Week 3 - 25-year-old Jack is from Co. Wexford. Jack has realised that the nine to five life is not for him and he is determined to make his passion his career - music.

Week 4 - 18-year-old Aoibhinn is from West Waterford and went to a Gaelscoil thanks to her mam, an outgoing and adventurous person, who died when Aoibhinn was only 14.  In her diary, Aoibhinn reflects on her mother's life, how she instilled in her a love of the Irish language and how she and her family are dealing with her death.

Week 5 - 21-year-old, Arthur Pushkin from Waterford.
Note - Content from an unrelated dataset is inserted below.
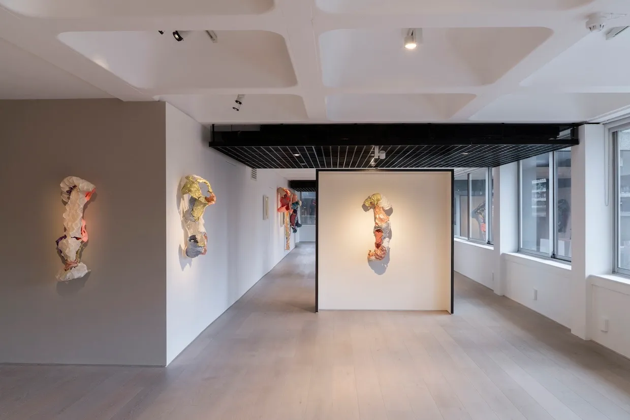 Benglis’s handmade paper, applied as pulp to chicken wire, emulates bones and flesh. Most engaging are her off-white works that almost – but not quite – resemble casts of the human body. In Frogman, Preborn and Cliff Dweller you are sure you can see a figure, but when you try to map it onto human anatomy, the correspondence eludes you.

Arthur came out as gay as a teenager and describes that experience, especially a family member's reaction, and his journey ever since.

Week 6 - 17-year-old, Mia Dunne is from Co. Wexford. She is living with Tourette's syndrome; a neurological disorder that she wants people to understand better. From explaining her ticks and how this disorder affects her day to day life, Mia uncover her personal story of this hidden disability.

Week 7 - Waterford’s Sophie Phelan and Wicklows’ Shona Nugent, who happened to meet while on work experience here in Beat, are best friends. Shona describes her experience of sitting the Leaving Cert while Sophie talks about her tinnitus diagnosis. Their support for each other is evident throughout the diary.

Week 8 -  Paraic Fearon. A 25-year-old Waterford resident who remembers moving to Ireland at the age of nine and reflects on his experience growing up as a biracial kid in both Ireland and the UK.

Week 9 - 22-year-old Mindulee Seneviratne was born in Sri Lanka and moved to Wexford as a baby. She has accomplished many things in school, college and beyond, and she tells us about it all in her diary.

Week 10 - Cyan Doyle, a twenty old Wexford student, whose love for drama and the arts has influenced her college choice.